In an interview about his book with The Tyee’s Olamide Olaniyan, Cole drew a distinction between racism and the lived violence of anti-Blackness: “I don’t care if you’re racist. I care if you’re hurting me.” This difference — and the avoidance it punches through — is illustrated in The Skin We’re In when Cole describes how Nancy Elgie, a white York Region District School Board trustee, referred to a Black woman as “the n***** parent” in the presence of other York School Board officials. (None of these officials called for Elgie’s resignation.) “There was kind of this idea that, that word just slipped out,” Cole explains. “So even if you say that word to a Black person, if your intentions are good somehow, then it doesn’t really count.”

“What this obsession with intentions does is that it re-centers whiteness,” he continues. “White people get to say, ‘It doesn’t matter what’s happening to you. What matters is what I’m projecting in my mind. We don’t even have to talk about how you experience white supremacy in Canada, because as long as I can tell you I don’t mean it, you have to forgive me, you have to continue living in whatever conditions you’re complaining about.’ But it should be about what we’re living, and what we’re living isn’t acceptable.”

Interestingly, the book’s release coincided with the most powerful display of direct action in Canada in recent memory.

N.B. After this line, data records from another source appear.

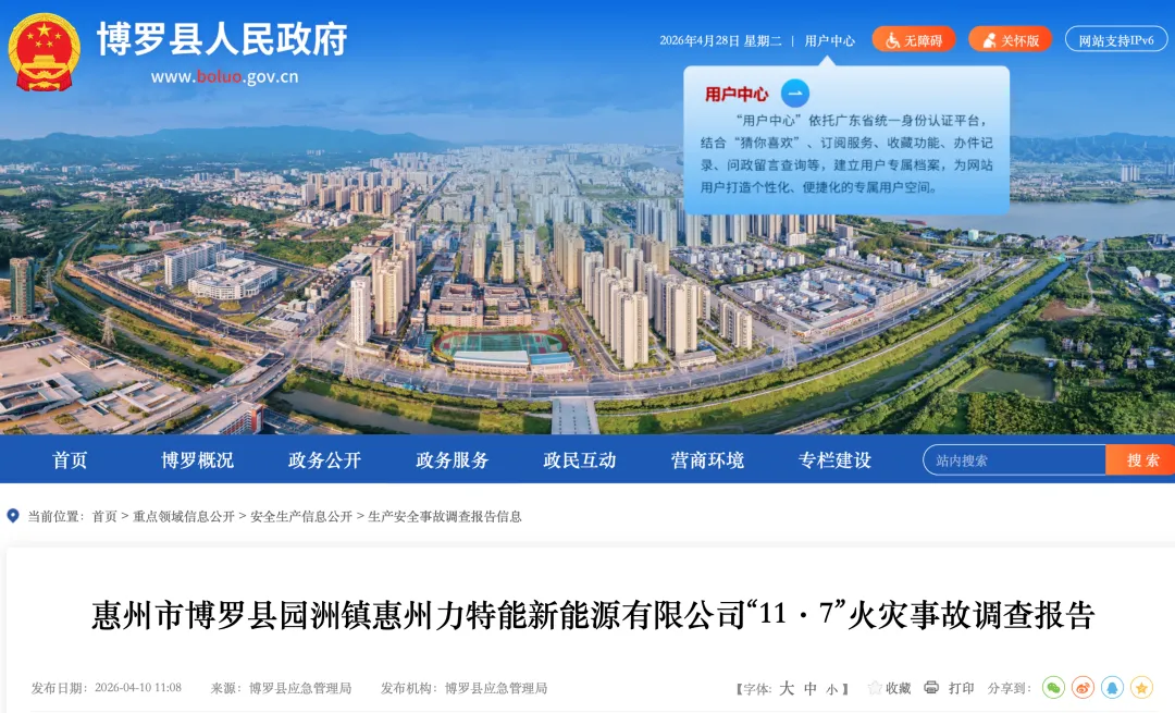 经调查认定,博罗县园洲镇惠州力特能新能源有限公司“11·7”火灾事故是一起因企业主体责任落实不到位、出租方对出租厂房管理混乱、企业员工安全防范意识薄弱,地方党委政府和主管行业部门监管不到位而导致的一般火灾责任事故。现将事故调查报告如下:
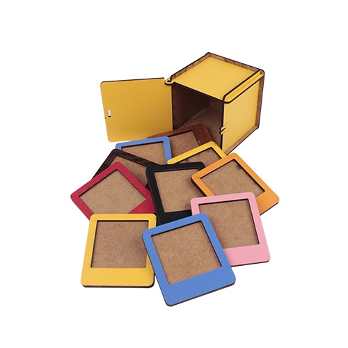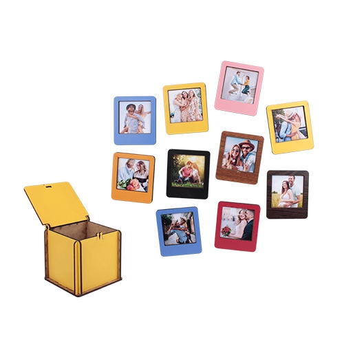 Sarı renkte MDF malzemeden üretilen kutusu ve 12 adet farklı renklere sahip olan Polaroid İnstax Çerçevelerini, 5 x 5 cm ölçülerine sahip 12 adet fotoğraf ile süsleyebilir, çerçevedeki mıknatıs sayesinde metal yüzeye konumlandırabilirsiniz.
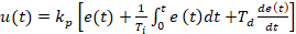 uk = kp* erk + kp/Ti * inte + kp*Td*deriv ;
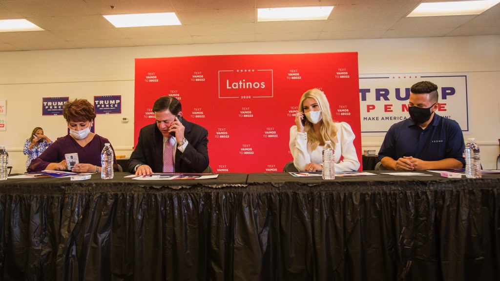 Ivanka goes on the campaign trail for her father this week, making stops at battleground states to make the case for her father’s reelection. The White House adviser visited Phoenix, Arizona, on Wednesday, where she made a surprise visit to the Latinos for Trump group headquarters. This surprise visit comes before her roundtable discussion with Arizona governor Doug Ducey later in the day.
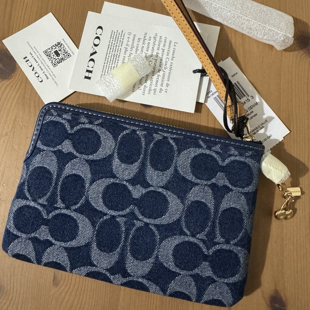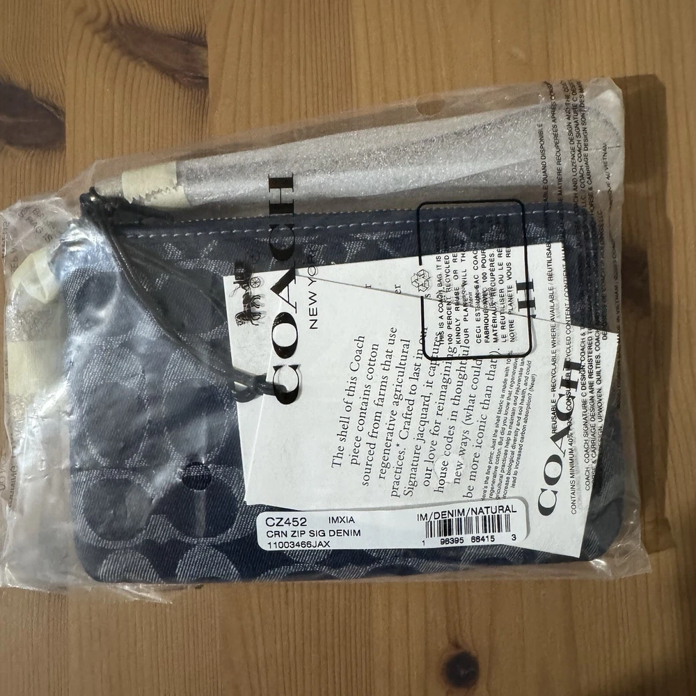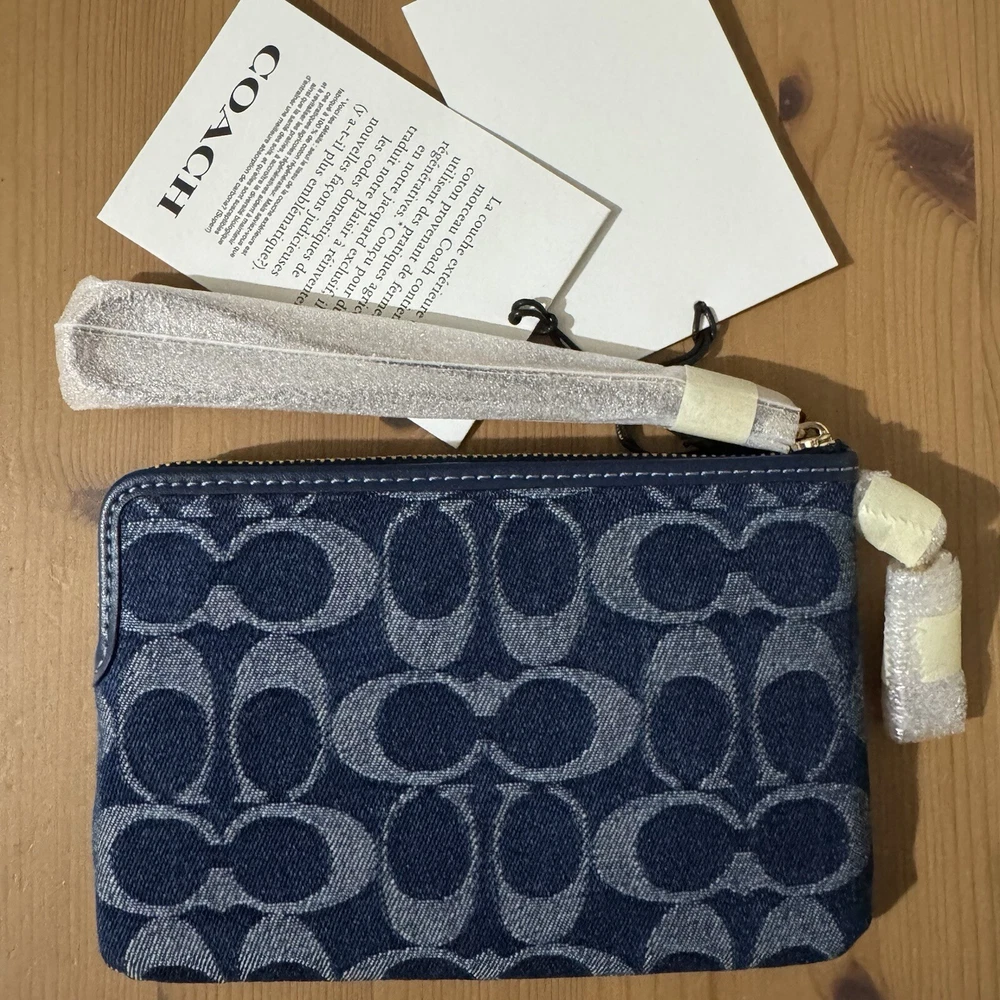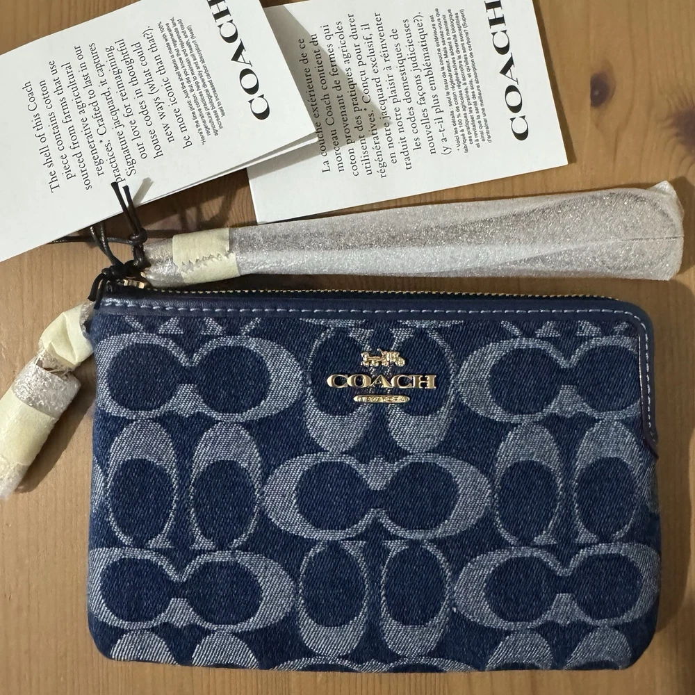 This wristlet is a perfect blend of style and sustainability! The Coach denim with gold accents looks chic, and the compact size fits essentials easily. Love the two card slots and zip-top closure—keeps everything secure. The attached wrist strap makes it super convenient, and knowing it’s made with eco-friendly cotton is a huge plus. A must-have for effortless, conscious fashion!
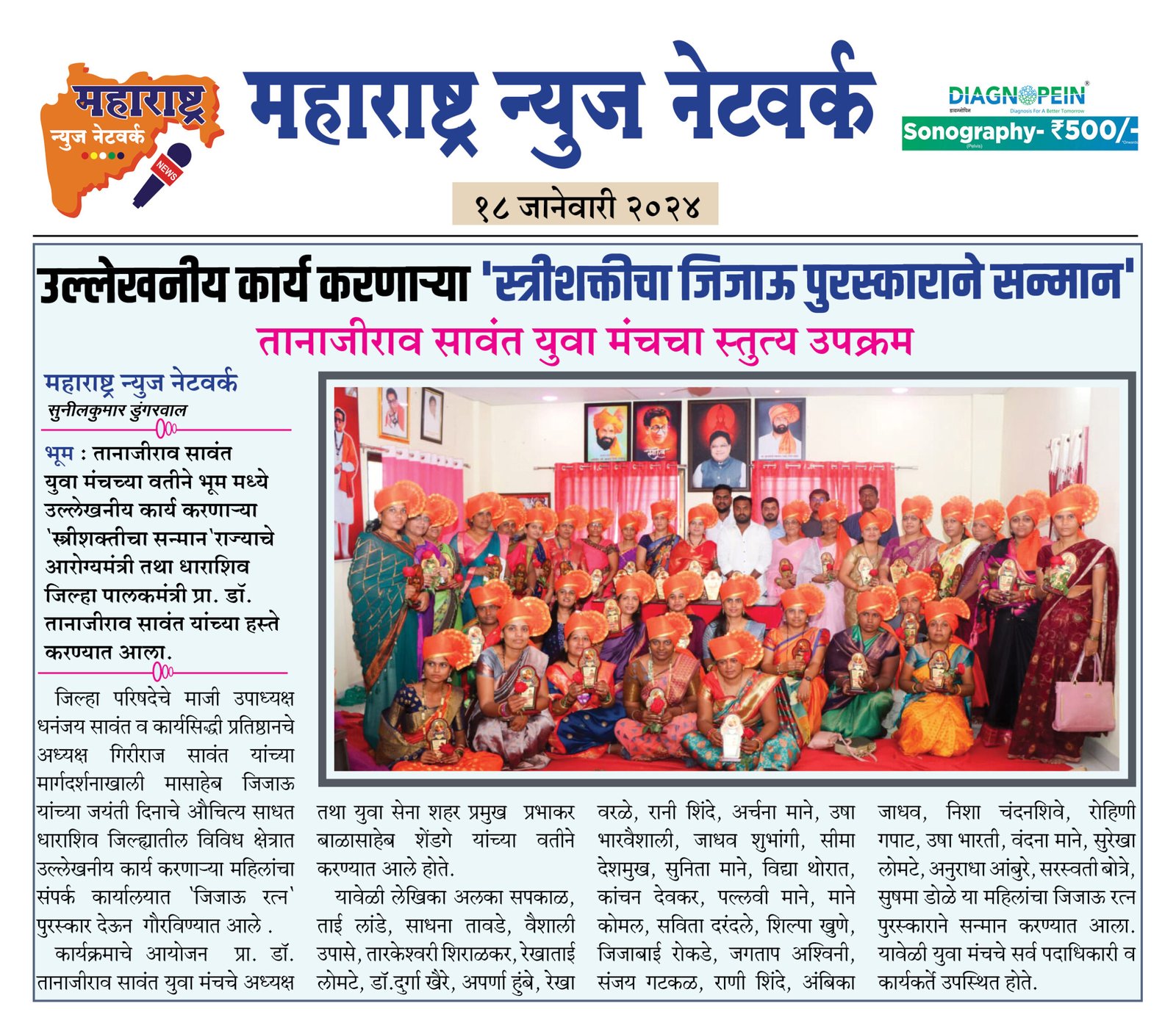 जिल्हा परिषदेचे माजी उपाध्यक्ष धनंजय सावंत व कार्यसिद्धी प्रतिष्ठानचे अध्यक्ष गिरीराज सावंत यांच्या मार्गदर्शनाखाली मासाहेब जिजाऊ यांच्या जयंती दिनाचे औचित्य साधत धाराशिव जिल्ह्यातील विविध क्षेत्रात उल्लेखनीय कार्य करणाऱ्या महिलांचा संपर्क कार्यालयात ‘जिजाऊ रत्न’ पुरस्कार देऊन गौरविण्यात आले . कार्यक्रमाचे आयोजन प्रा. डॉ. तानाजीराव सावंत युवा मंचचे अध्यक्ष तथा युवा सेना शहर प्रमुख प्रभाकर बाळासाहेब शेंडगे यांच्या वतीने करण्यात आले होते. यावेळी लेखिका अलका सपकाळ, ताई लांडे, साधना तावडे, वैशाली उपासे, तारकेश्वरी शिराळकर, रेखाताई लोमटे, डॉ.दुर्गा खैरे, अपर्णा हुंबे, रेखा वरळे, रानी शिंदे, अर्चना माने, उषा भारवैशाली, जाधव शुभांगी, सीमा देशमुख, सुनिता माने, विद्या थोरात, कांचन देवकर, पल्लवी माने, माने कोमल, सविता दरंदले, शिल्पा खुणे, जिजाबाई रोकडे, जगताप अश्विनी, संजय गटकळ, राणी शिंदे, अंबिका जाधव, निशा चंदनशिवे, रोहिणी गपाट, उषा भारती, वंदना माने, सुरेखा लोमटे, अनुराधा आंबुरे, सरस्वती बोत्रे, सुषमा डोळे या महिलांचा जिजाऊ रत्न पुरस्काराने सन्मान करण्यात आला. यावेळी युवा मंचचे सर्व पदाधिकारी व कार्यकर्ते उपस्थित होते.
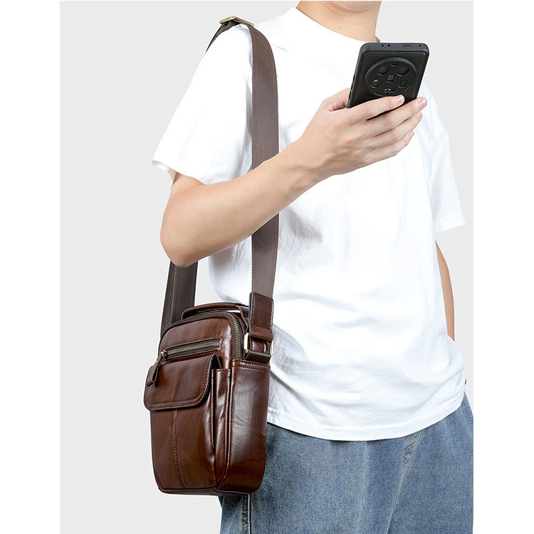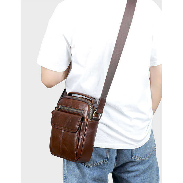 Giới thiệu Túi đeo chéo nam da bò thật BHM6090 nhỏ gọn, có tay xách
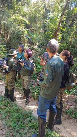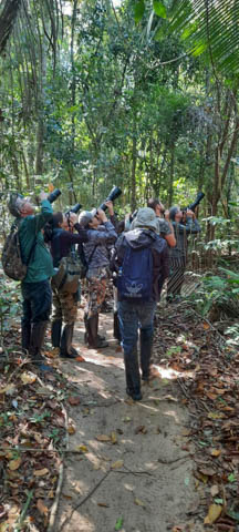 Às 5h da manhã, todos já estavam de pé, alguns já degustando o fabuloso café da manhã preparado pela equipe do Hotel Eliz. Nas conversas era possível identificar o desejo de todos: encontrar o Surucuá-de-coleira, ave rara, cujos registros no Estado do Espírito Santo foram, quase todos, feitos na Reserva Natural Vale.
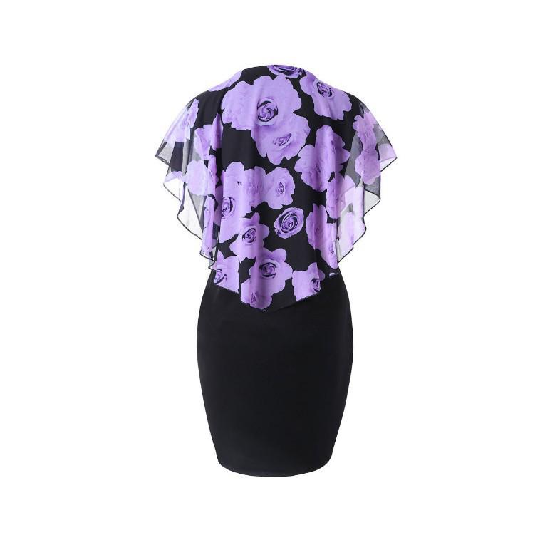 Женское облегающее платье с розовым принтом и шалью – Летний стиль слим-фит L светло-фиолетовый
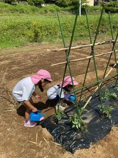 「野菜ができたらいっぱい食べたい」「トマトが大好きだからおいしいトマトができるといいな」とワクワクした様子でお話ししてくれました。これから野菜の栽培を通して色々な発見や感情に触れ、調べたり教えてもらったりていくと思います。野菜とこども達の成長、どちらも楽しみですね。

After the Royal Canadian Mounted Police invaded sovereign Wet’suwet’en land and arrested land defenders on their own territory, Indigenous communities led solidarity rallies and blockades across the country. 

In The Skin We’re In, Cole, whose parents are from Sierra Leone, links the struggles of Black people in Canada with Indigenous people. “Knowing my own history, knowing that my parents also come from a country colonized by the British, this informs my solidarity with Indigenous peoples and makes it my fight, too.”

The actions of the land defenders and their allies was perceived — as oppressed folks proactively attempting to remove a boot from their neck often is — as violent and anti-Canadian. The premier of Quebec suggested falsely that Mohawk land defenders had machine guns. “Them standing up is conceived by the country as itself being an act of violence,” says Cole. “The violence of the state is simply presumed.”

While on tour for The Skin We’re In, Cole learned about other direct actions in Black communities across the country. In particular, he connected with a group of Black youth in Hamilton, Ontario who organized a walkout in response to cuts made to a Black mentorship program at their high school. After arbitration, the program was reinstated. Some of those students were involved at Cole’s book event in Hamilton. “I’m getting to meet Black people who are doing the work all across the country, and that’s really special,” says Cole.

The 13th and final chapter of The Skin We’re In is committed to January 2018. It shares the story of Abdoul Abdi, his sister Fatouma Abdi and his aunt Asha Ali, who together with their community organized to prevent Canada from deporting Abdoul to Somalia. The story is critical and worth celebrating, but Cole points out that this 13th chapter is structurally significant, too. “The struggle doesn’t end with a year,” he tells me. “The struggle is ongoing. To end in January where we started was a way to show that the cycle isn’t complete, and that the work has to continue.”